[WORK INSTRUCTIONS]
Show every line of the records below that contains the word "dedo".

= Beginning of Section =

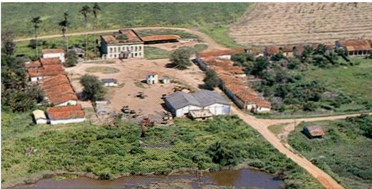
Ilustração 2 - Engenho Pedras: vista aérea da propriedade, no ano de 1999.
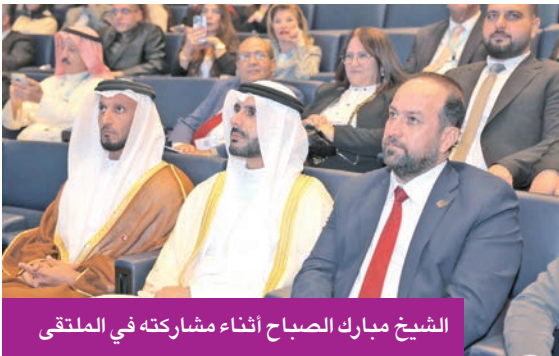
الشيخ مبارك الصباح أثناء مشاركته في الملتقى

العربي في نشر الوعي والتنوير. وأعرب عن سعادته برعاية وحضور الرئيس عون لهذا الحدث العربي الكبير، ووخّه شكره وتقديره لوزير الإعلام اللبناني د. بول مرقس، والأمين العام للملتقى الإعلامي العربي ماضي الخميس، وجميع القائمين على الملتقى، مشيداً بجهودهم المتميزة في إنجاح النسخة الحادية والعشرين من هذا الحدث الإعلامي العربي البارز.
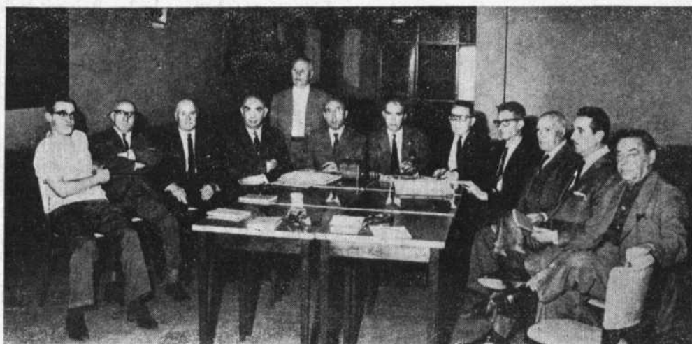
Integrantes de la C. D. que visitaron al Hospital Español
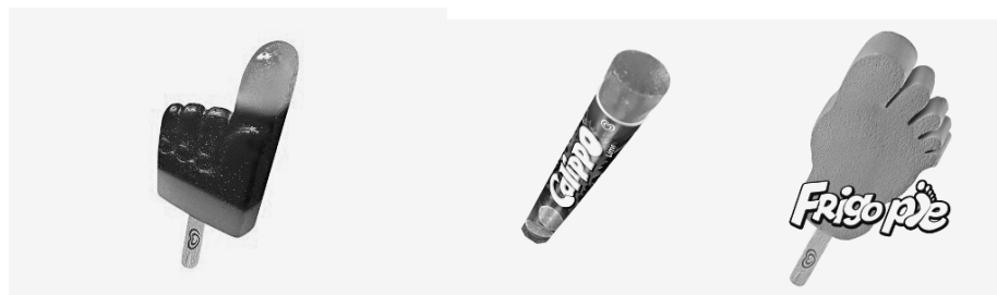
el Frigo dedo

(7) Mi historia en el mundo de los helados es la historia de una persona apasionada por el conocimiento. Es algo que heredé de mis primeros jefes y que ahora, como veterano, intento transmitir a los más jóvenes. Porque un conocimiento amplio, en cualquier momento de la vida, te 50 puede venir como anillo al (Frigo) dedo.
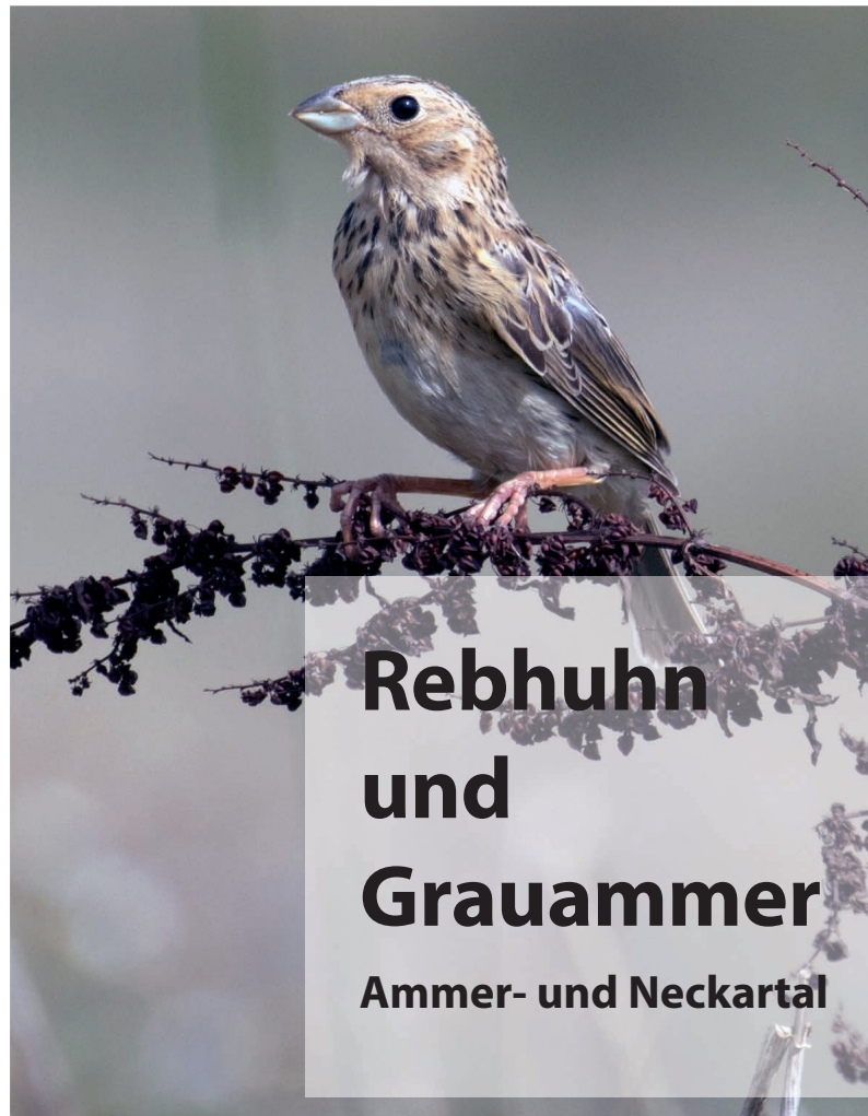
Rebhuhn und Grauammer Ammer- und Neckartal
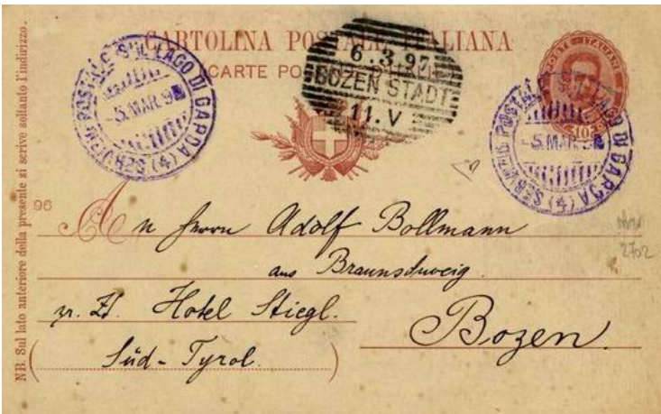
Foto 06. 5 marzo 1897. Bollo (4) in az- zurro vivo su una "cartolina postale italiana" da 10 c. per Bolzano allora austriaca.
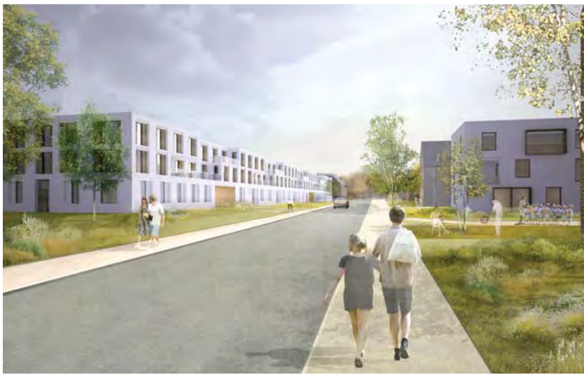
WOHNEN AM EXERZIERPLATZ
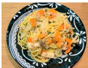
ツナと広島菜の スパゲティ定食 500キロカロリー 食塩相当量:3.0g
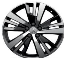
18" 'Detroit' Storm Grey
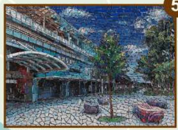
林邊車站 藝術家 李億勳
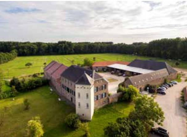
Luftaufnahme Haus Bürgel - Römische Geschichte, Naturschutz und Kaltblutpferde

Am 27. Juni 2021 war der Hammer Schlag, der Haus Bürgel zum Weltkulturerbe machte. An diesem Tag erfolgte die Welterbe-Anerkennung des Niedergermanischen (des „nassen“) Limes, zu dem Haus Bürgel gehört. Mit den übrigen insgesamt 44 Fundstätten verständigte man sich auf den 30. Juni 2021 als gemeinsamen Geburstermin. Kurz vor dem ersten Geburtstag fragten wir nach, was das Weltkulturerbe bedeutet und was sich seitdem verändert hat.
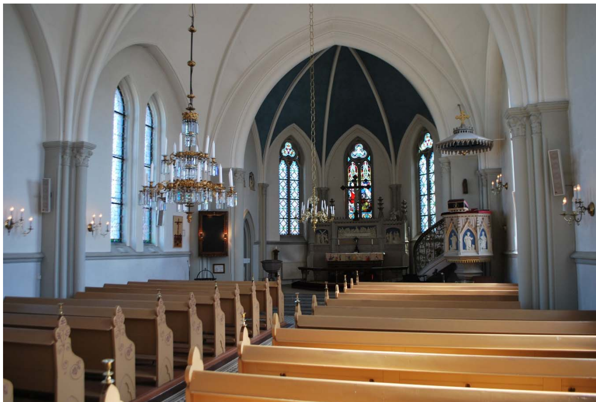
Långhuset mot koret i öster.

sexkantiga plattor. De har mönster med vita, ljusgrå och mörkgrå romber som bildar ett optiskt mönster. Under bänkarna ligger målat brädgolv. Väggar och valv är putsade och vitkalkade. Fönsterfallen är grå med en gördelgesims i nederkant som löper runt väggarna.
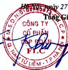
HƯƠNG TRẦN KIỀU DUNG
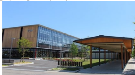
スマートシティAiCT（福島県会津若松市）
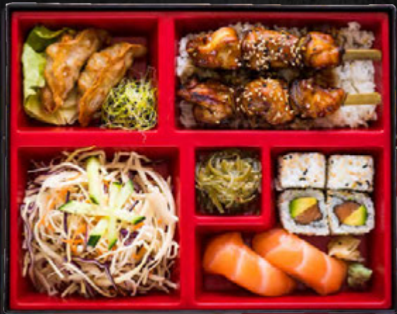
Yakitori / 21,90 €
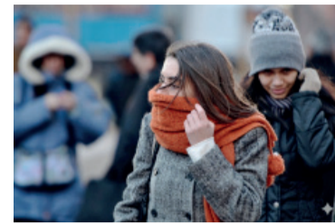
A abrigarse bien.

Las temperaturas elevadas que afectaban a parte de la provincia de Buenos Aires, especialmente el Área Metropolitana (AMBA), desde el último fin de semana de abril, desaparecerán con brusquedad el día de hoy, para dar paso a un frente frío que llega de la Patagonia. Se esperan en zonas rurales mínimas de hasta 3 °C, con lo que podría haber heladas en los cultivos.
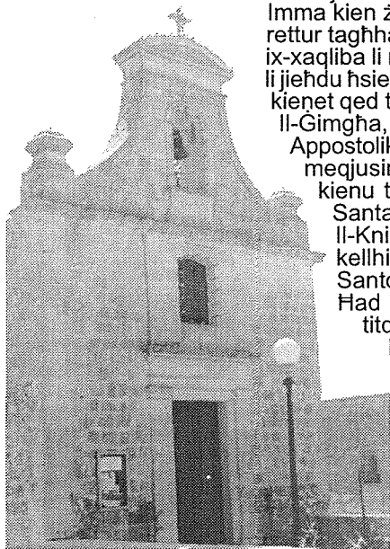
Sta. Katerina tad-Dahla

Dusina ordna li l-knisja tiġi magħluqa għal kollox. Il-kwadru ta' Santa Katarina kellu jittiehed fil-knisja parrokkjali ta' San Pawl, u jitqiegħed fejn jidhirlu r-Rettur ta' din il-knisja. Ir-Rettur ta' San Pawl kellu jieħu hsieb li jqiegħed ma l-artal ta' Santa Katarina ventartal tal-ġild u żewġ gandlieri. Zdiegħ ukoll l-obbligu tal-quddiesa stabbilita. Mill-gebel tal-knisja kkundannata seta' jsir użu għall-bini ta' knisja ġdida, skond fejn ir-Rettur ikun jidhirlu. 2
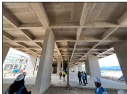
Fotografía N° 11: Vista del Bloque B del Dique Norte del Terminal de Pasajeros en donde no se viene efectuando ningún trabajo de campo durante la visita.
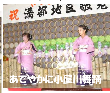
あでやかに小屋川舞踊
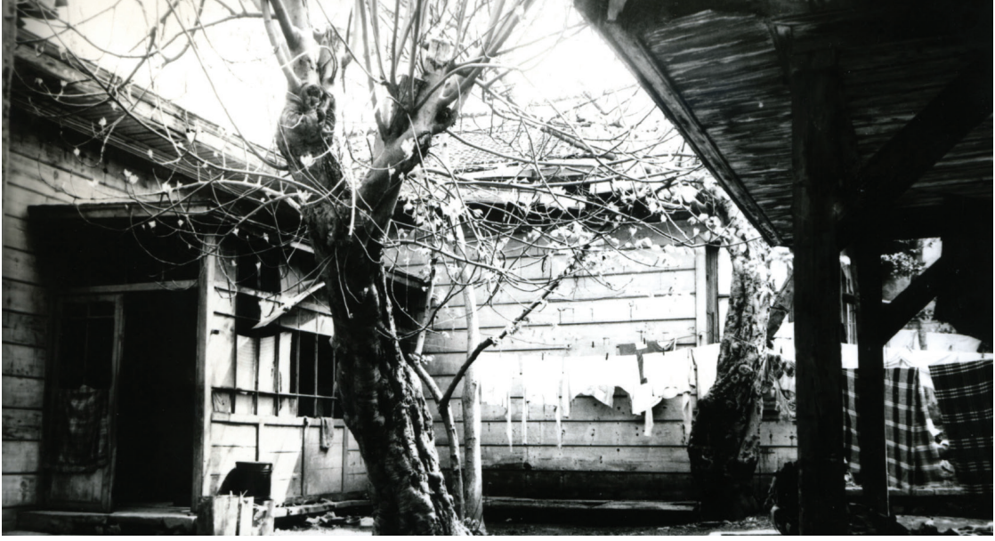
Camii - Tevhidhane Avlusu

batı duvarında da devam ederek hünkâr mahfili çıkmasının alın tahtalarıyla bütünleşmektedir.
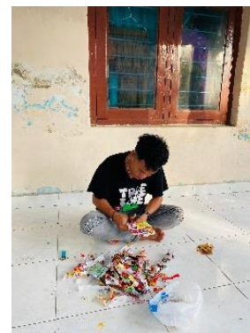
Gambar 3. Sampah yang digunting dan akan dimasukkan kedalam botol

Penelitian ini disusun melalui tahapan identifikasi masalah, perencanaan eksperimen, pelaksanaan eksperimen, evaluasi hasil, serta penyusunan kesimpulan dan rekomendasi.
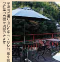
宇連川に張り出したテラスから、鳳来峡の紅葉の景観を満喫できます。
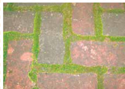
【かたこけ科】あみだくじ

= End of Section =

[RESPONSE AREA]
el Frigo dedo
(7) Mi historia en el mundo de los helados es la historia de una persona apasionada por el conocimiento. Es algo que heredé de mis primeros jefes y que ahora, como veterano, intento transmitir a los más jóvenes. Porque un conocimiento amplio, en cualquier momento de la vida, te 50 puede venir como anillo al (Frigo) dedo.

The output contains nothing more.